Data entries:
┄┄┄┄┄┄┄┄┄┄

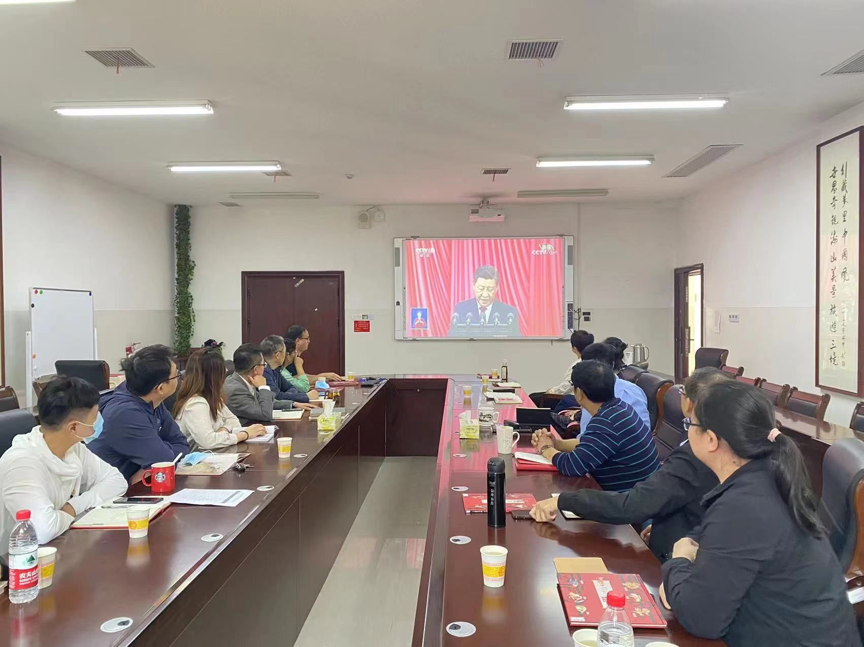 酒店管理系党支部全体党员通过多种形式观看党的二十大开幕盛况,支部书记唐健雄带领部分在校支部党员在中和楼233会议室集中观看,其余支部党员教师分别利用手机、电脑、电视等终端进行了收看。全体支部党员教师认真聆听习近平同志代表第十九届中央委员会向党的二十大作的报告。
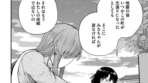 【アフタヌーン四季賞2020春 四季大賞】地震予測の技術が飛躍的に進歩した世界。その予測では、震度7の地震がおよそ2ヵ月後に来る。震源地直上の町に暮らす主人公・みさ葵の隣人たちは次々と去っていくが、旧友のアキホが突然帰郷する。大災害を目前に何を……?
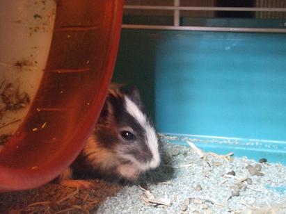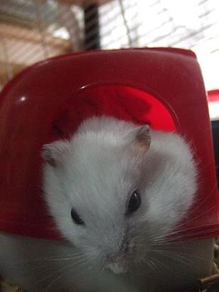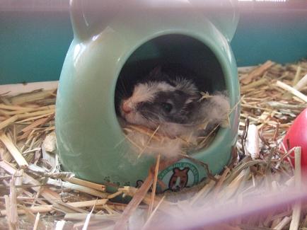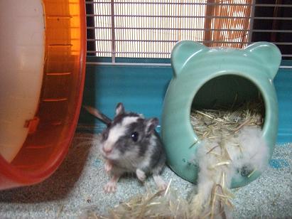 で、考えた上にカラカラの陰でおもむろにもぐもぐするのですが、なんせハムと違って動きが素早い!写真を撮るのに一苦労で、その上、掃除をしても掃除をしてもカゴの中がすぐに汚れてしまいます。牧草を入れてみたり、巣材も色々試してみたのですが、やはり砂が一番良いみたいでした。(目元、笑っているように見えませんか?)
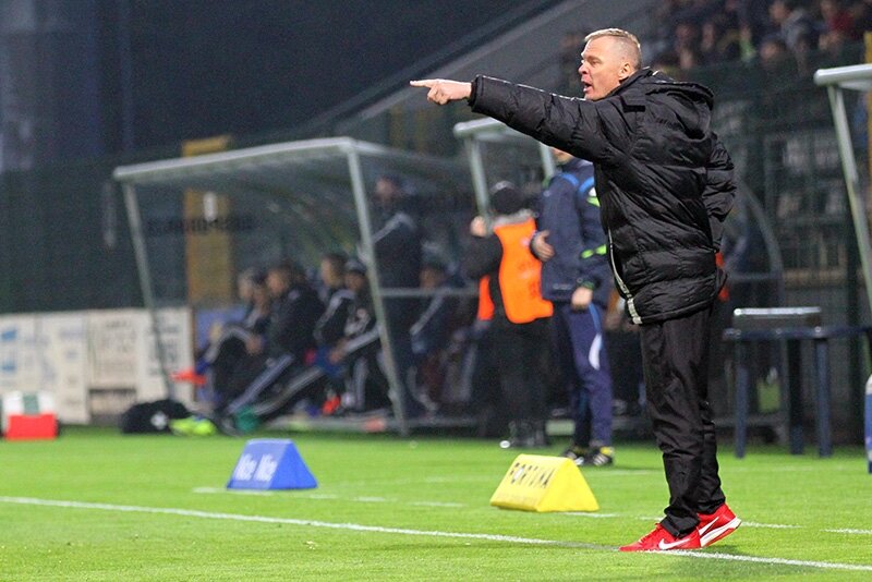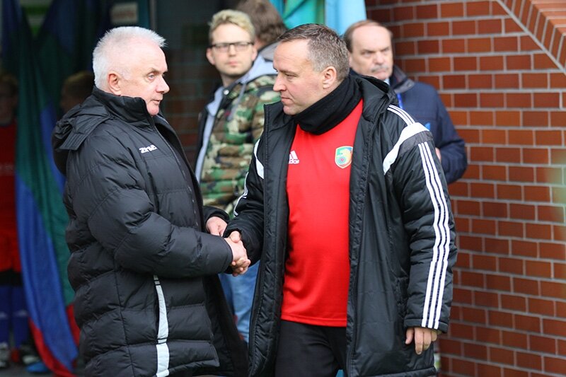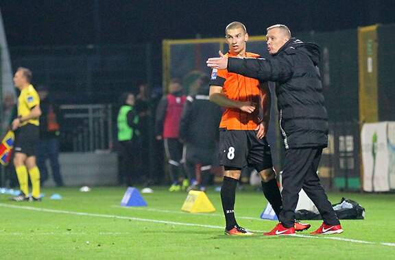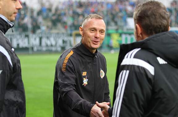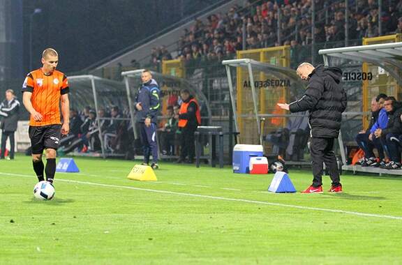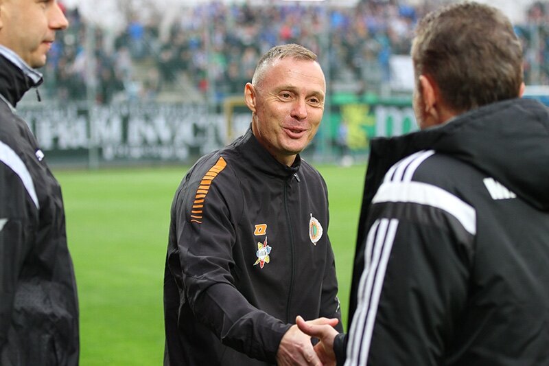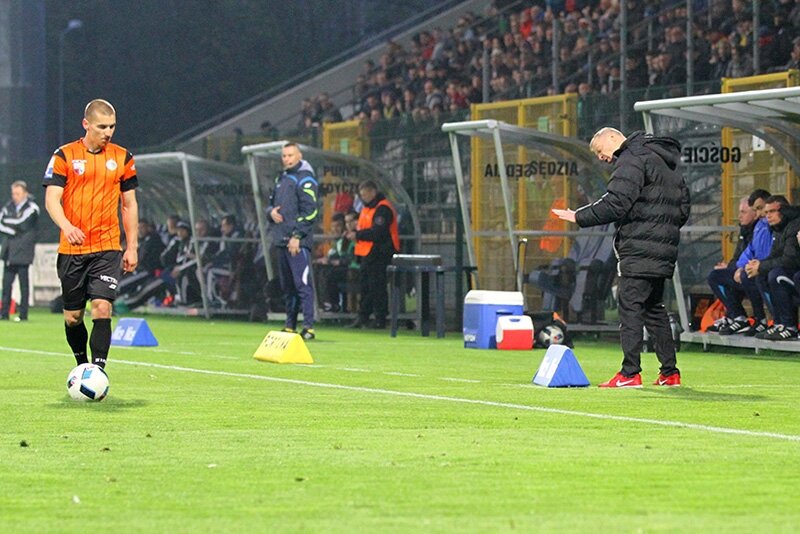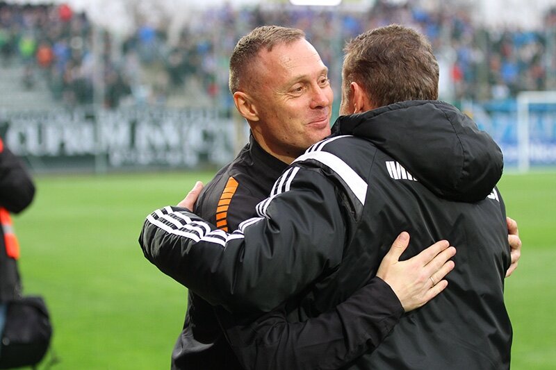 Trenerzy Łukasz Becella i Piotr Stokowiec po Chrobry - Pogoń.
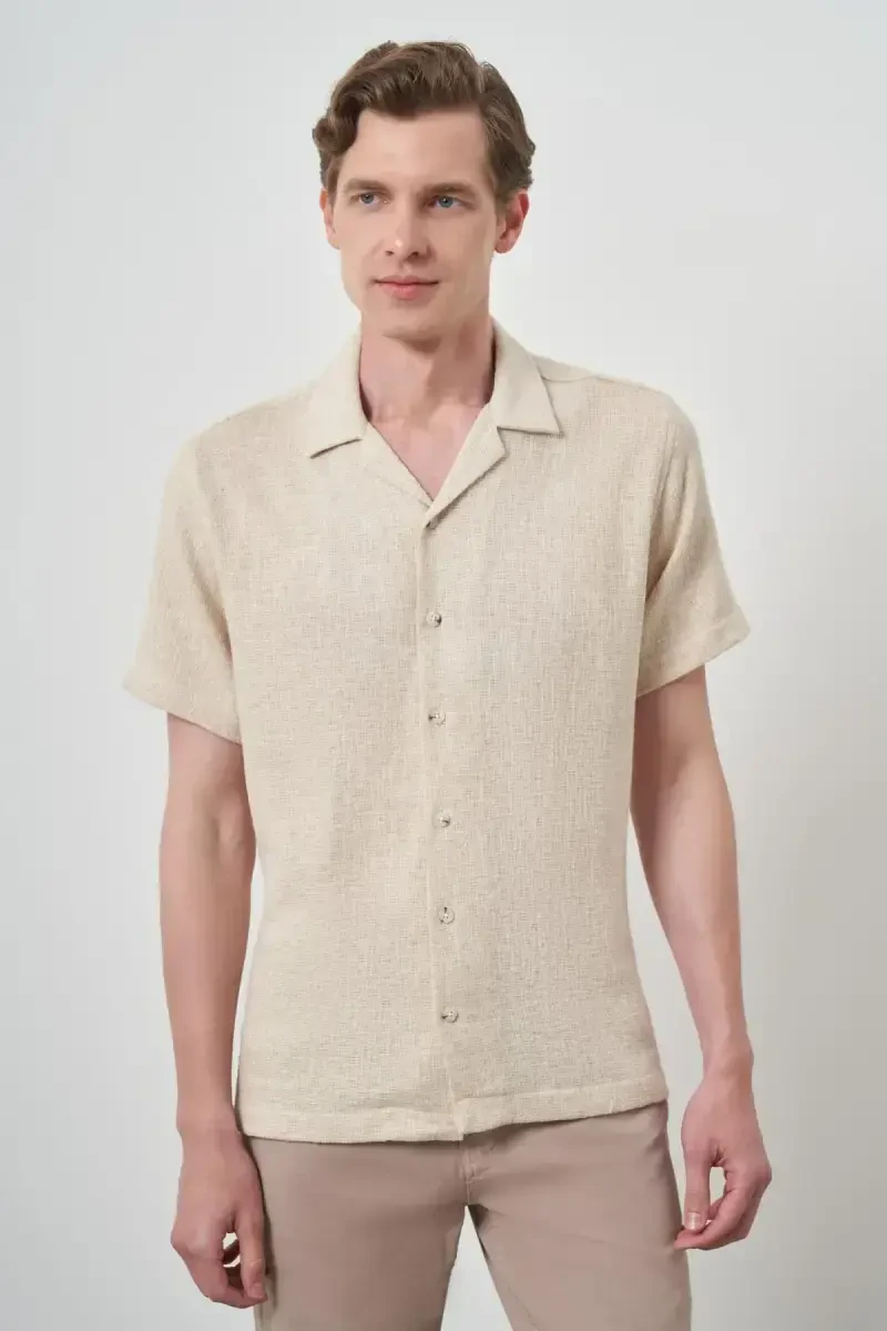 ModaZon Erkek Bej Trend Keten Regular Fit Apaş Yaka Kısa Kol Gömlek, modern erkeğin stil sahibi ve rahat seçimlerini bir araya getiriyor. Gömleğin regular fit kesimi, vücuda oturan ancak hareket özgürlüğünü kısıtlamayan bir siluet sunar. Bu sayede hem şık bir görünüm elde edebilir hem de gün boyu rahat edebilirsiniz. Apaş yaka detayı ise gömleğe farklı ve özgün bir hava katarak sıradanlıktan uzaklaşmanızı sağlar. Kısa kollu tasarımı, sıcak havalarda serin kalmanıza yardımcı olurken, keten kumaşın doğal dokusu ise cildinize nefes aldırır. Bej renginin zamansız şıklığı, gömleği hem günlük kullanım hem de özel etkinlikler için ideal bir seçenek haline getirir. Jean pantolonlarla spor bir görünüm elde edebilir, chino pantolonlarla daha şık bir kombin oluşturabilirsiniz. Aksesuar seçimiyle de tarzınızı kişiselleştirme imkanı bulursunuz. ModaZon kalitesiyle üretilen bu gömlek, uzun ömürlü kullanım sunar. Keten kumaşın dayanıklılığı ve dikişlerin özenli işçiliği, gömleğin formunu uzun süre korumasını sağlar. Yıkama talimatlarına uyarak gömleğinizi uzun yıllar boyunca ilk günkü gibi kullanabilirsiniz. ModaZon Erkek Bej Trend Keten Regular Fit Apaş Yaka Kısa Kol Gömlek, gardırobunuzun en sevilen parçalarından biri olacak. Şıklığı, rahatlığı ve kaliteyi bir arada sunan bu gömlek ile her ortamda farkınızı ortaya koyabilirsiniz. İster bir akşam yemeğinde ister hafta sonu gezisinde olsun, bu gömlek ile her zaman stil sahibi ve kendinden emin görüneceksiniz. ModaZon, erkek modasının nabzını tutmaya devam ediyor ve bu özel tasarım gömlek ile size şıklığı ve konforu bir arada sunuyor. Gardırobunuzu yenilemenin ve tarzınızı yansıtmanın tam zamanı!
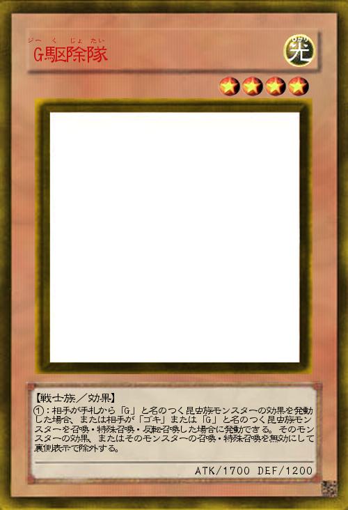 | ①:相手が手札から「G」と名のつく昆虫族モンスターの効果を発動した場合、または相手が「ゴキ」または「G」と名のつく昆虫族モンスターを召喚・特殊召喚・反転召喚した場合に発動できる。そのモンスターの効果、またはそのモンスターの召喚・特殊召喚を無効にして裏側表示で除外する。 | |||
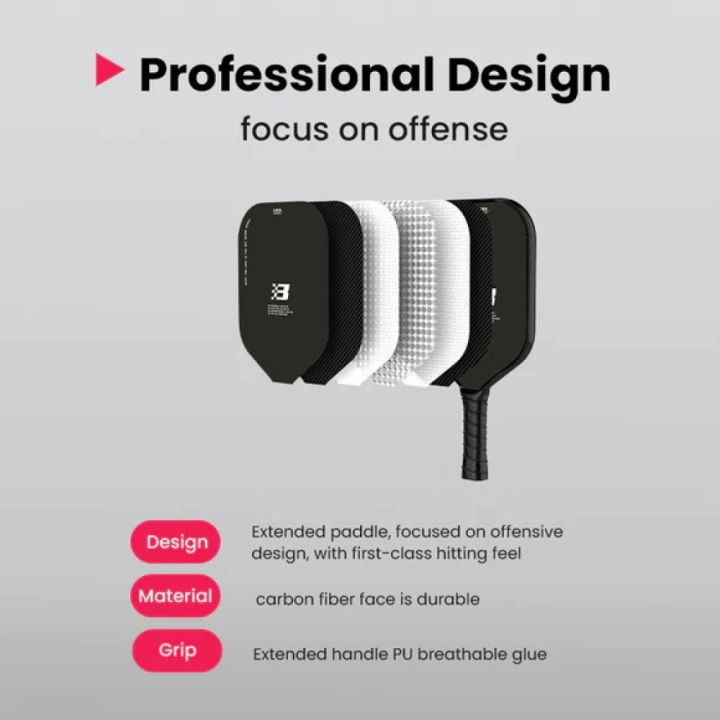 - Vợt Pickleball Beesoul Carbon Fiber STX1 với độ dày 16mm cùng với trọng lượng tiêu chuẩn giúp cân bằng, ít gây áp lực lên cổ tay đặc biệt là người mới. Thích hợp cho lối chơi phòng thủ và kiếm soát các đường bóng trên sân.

┄┄┄┄┄┄┄┄┄┄

Exercise directions: Return all the data above as written, leaving out only the pictures.

Expected answer:
 酒店管理系党支部全体党员通过多种形式观看党的二十大开幕盛况,支部书记唐健雄带领部分在校支部党员在中和楼233会议室集中观看,其余支部党员教师分别利用手机、电脑、电视等终端进行了收看。全体支部党员教师认真聆听习近平同志代表第十九届中央委员会向党的二十大作的报告。
 【アフタヌーン四季賞2020春 四季大賞】地震予測の技術が飛躍的に進歩した世界。その予測では、震度7の地震がおよそ2ヵ月後に来る。震源地直上の町に暮らす主人公・みさ葵の隣人たちは次々と去っていくが、旧友のアキホが突然帰郷する。大災害を目前に何を……?
 で、考えた上にカラカラの陰でおもむろにもぐもぐするのですが、なんせハムと違って動きが素早い!写真を撮るのに一苦労で、その上、掃除をしても掃除をしてもカゴの中がすぐに汚れてしまいます。牧草を入れてみたり、巣材も色々試してみたのですが、やはり砂が一番良いみたいでした。(目元、笑っているように見えませんか?)
 Trenerzy Łukasz Becella i Piotr Stokowiec po Chrobry - Pogoń.
 ModaZon Erkek Bej Trend Keten Regular Fit Apaş Yaka Kısa Kol Gömlek, modern erkeğin stil sahibi ve rahat seçimlerini bir araya getiriyor. Gömleğin regular fit kesimi, vücuda oturan ancak hareket özgürlüğünü kısıtlamayan bir siluet sunar. Bu sayede hem şık bir görünüm elde edebilir hem de gün boyu rahat edebilirsiniz. Apaş yaka detayı ise gömleğe farklı ve özgün bir hava katarak sıradanlıktan uzaklaşmanızı sağlar. Kısa kollu tasarımı, sıcak havalarda serin kalmanıza yardımcı olurken, keten kumaşın doğal dokusu ise cildinize nefes aldırır. Bej renginin zamansız şıklığı, gömleği hem günlük kullanım hem de özel etkinlikler için ideal bir seçenek haline getirir. Jean pantolonlarla spor bir görünüm elde edebilir, chino pantolonlarla daha şık bir kombin oluşturabilirsiniz. Aksesuar seçimiyle de tarzınızı kişiselleştirme imkanı bulursunuz. ModaZon kalitesiyle üretilen bu gömlek, uzun ömürlü kullanım sunar. Keten kumaşın dayanıklılığı ve dikişlerin özenli işçiliği, gömleğin formunu uzun süre korumasını sağlar. Yıkama talimatlarına uyarak gömleğinizi uzun yıllar boyunca ilk günkü gibi kullanabilirsiniz. ModaZon Erkek Bej Trend Keten Regular Fit Apaş Yaka Kısa Kol Gömlek, gardırobunuzun en sevilen parçalarından biri olacak. Şıklığı, rahatlığı ve kaliteyi bir arada sunan bu gömlek ile her ortamda farkınızı ortaya koyabilirsiniz. İster bir akşam yemeğinde ister hafta sonu gezisinde olsun, bu gömlek ile her zaman stil sahibi ve kendinden emin görüneceksiniz. ModaZon, erkek modasının nabzını tutmaya devam ediyor ve bu özel tasarım gömlek ile size şıklığı ve konforu bir arada sunuyor. Gardırobunuzu yenilemenin ve tarzınızı yansıtmanın tam zamanı!
 | ①:相手が手札から「G」と名のつく昆虫族モンスターの効果を発動した場合、または相手が「ゴキ」または「G」と名のつく昆虫族モンスターを召喚・特殊召喚・反転召喚した場合に発動できる。そのモンスターの効果、またはそのモンスターの召喚・特殊召喚を無効にして裏側表示で除外する。 | |||
 - Vợt Pickleball Beesoul Carbon Fiber STX1 với độ dày 16mm cùng với trọng lượng tiêu chuẩn giúp cân bằng, ít gây áp lực lên cổ tay đặc biệt là người mới. Thích hợp cho lối chơi phòng thủ và kiếm soát các đường bóng trên sân.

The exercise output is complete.